Feature Name: Easier Hash Sharded Indexes
Status: draft
Start Date: 2019-10-28
Authors: Aayush Shah, Andrew Werner
RFC PR: PR # after acceptance of initial draft
Cockroach Issue: [#39340] (https://github.com/cockroachdb/cockroach/issues/39340)

Summary

This is a proposal to provide better UX for creating hash sharded indexes through easier syntax. This allows a useful mechanism to alleviate single range hot spots due to sequential workloads.

Motivation

Currently, in CockroachDB, write workloads that are sequential on a particular key will cause a hotspot on a single range if there's any sort of index with the said key as a prefix. Note that load-based splitting (#31413) doesn't help us here since our reservoir sampling approach cannot find a valid split point that divides the incoming workload evenly (since almost all queries are incident on one of the boundaries of the concerned range).

In 19.2, we added optimizer support to automatically add filters based on check constraints. This can allow users to alleviate aforementioned single range hotspots by creating an index on a computed shard column. However, this feature still requires some relatively unattractive syntax to manually add a computed column which will act as the shard key. This is illustrated in the following example from issue [#39340] (https://github.com/cockroachdb/cockroach/issues/39340).

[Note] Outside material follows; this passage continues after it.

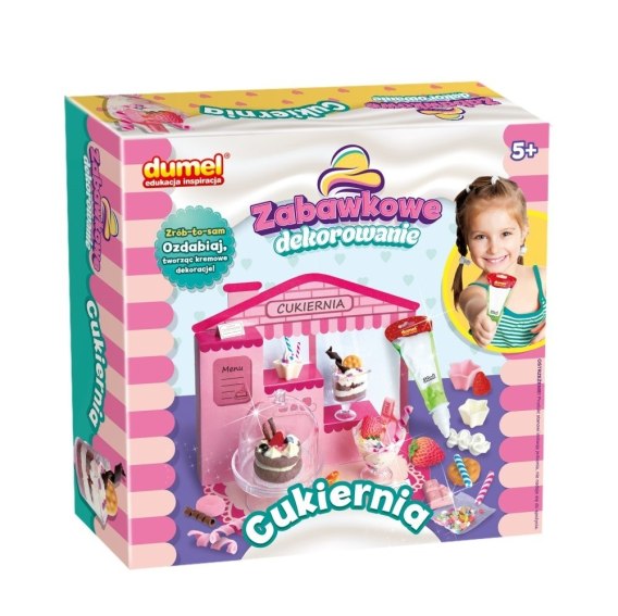 Otwórz własną cukiernię, serwującą zabawkowe desery! Opakowanie zawiera wszystko, czego potrzeba, aby „wyczarować" wiele zabawkowych smakołyków. Poza masą plastyczną, do formowania ciasta, i masą kremową w tubce, do dekorowania, znajdziesz tu też papierową witrynę do wyeksponowania deserów, plastikowe pucharki, paterę oraz wiele kolorowych dodatków, z pomocą których ozdobisz stworzone przez siebie, zabawkowe desery. Po udekorowaniu każdego z nich, pozostaw desery, aby stwardniały, najlepiej na całą dobę.
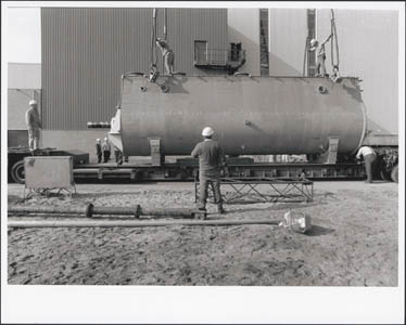Aankomst van de slibdroger bij de bouw van de …

Imagine we have an IOT application where we are tracking a bunch of devices and each device creates events. Sometimes we want to know which devices published events in some time period. We might start with the following schema.

sql

CREATE TABLE events (
    device_id
        UUID,
    event_id
        UUID,
    ts
        TIMESTAMP,
    data
        JSONB,
    PRIMARY KEY (device_id, ts, event_id),
    INDEX (ts)
);

This schema would have a hot spot on that INDEX (ts) which would be rather unfortunate. We can alleviate this hot spot by sharding this time ordered index.

sql

CREATE TABLE events (
    device_id
        UUID,
    shard
        INT8
        AS (fnv32(device_id) % 8) STORED
        CHECK (shard IN (0, 1, 2, 3, 4, 5, 6, 7)),
    event_id
        UUID,
    ts
        TIMESTAMP,
    data
        JSONB,
    PRIMARY KEY (device_id, ts, event_id),
    INDEX (shard, ts)
);

This isn't too big of a lift here because the device ID is easy to hash in sql. Imagine instead we had a primary key based on some other features:

sql

CREATE TABLE events (
    product_id
        INT8,
    owner
        UUID,
    serial_number
        VARCHAR,
    event_id
        UUID,
    ts
        TIMESTAMP,
    data
        JSONB,
    PRIMARY KEY (product_id, owner, serial_number, ts, event_id),
    INDEX (ts)
);

In order to shard this we'll need something like:

sql

CREATE TABLE events (
    product_id
        INT8,
    owner
        UUID,
    serial_number
        VARCHAR,
    shard
        INT8
        AS (
            fnv32(
                concat(hex(product_id)),
                owner::STRING,
                serial_number
            )
            % 8
        ) STORED
        CHECK (shard IN (0, 1, 2, 3, 4, 5, 6, 7)),
    event_id
        UUID,
    ts
        TIMESTAMP,
    data
        JSONB,
    PRIMARY KEY (
        product_id,
        owner,
        serial_number,
        ts,
        event_id
    ),
    INDEX (shard, ts)
);

We can see that this is starting to get heavy. The proposal is that we shoulder the burden of hashing and installing a check constraint behind a new syntax.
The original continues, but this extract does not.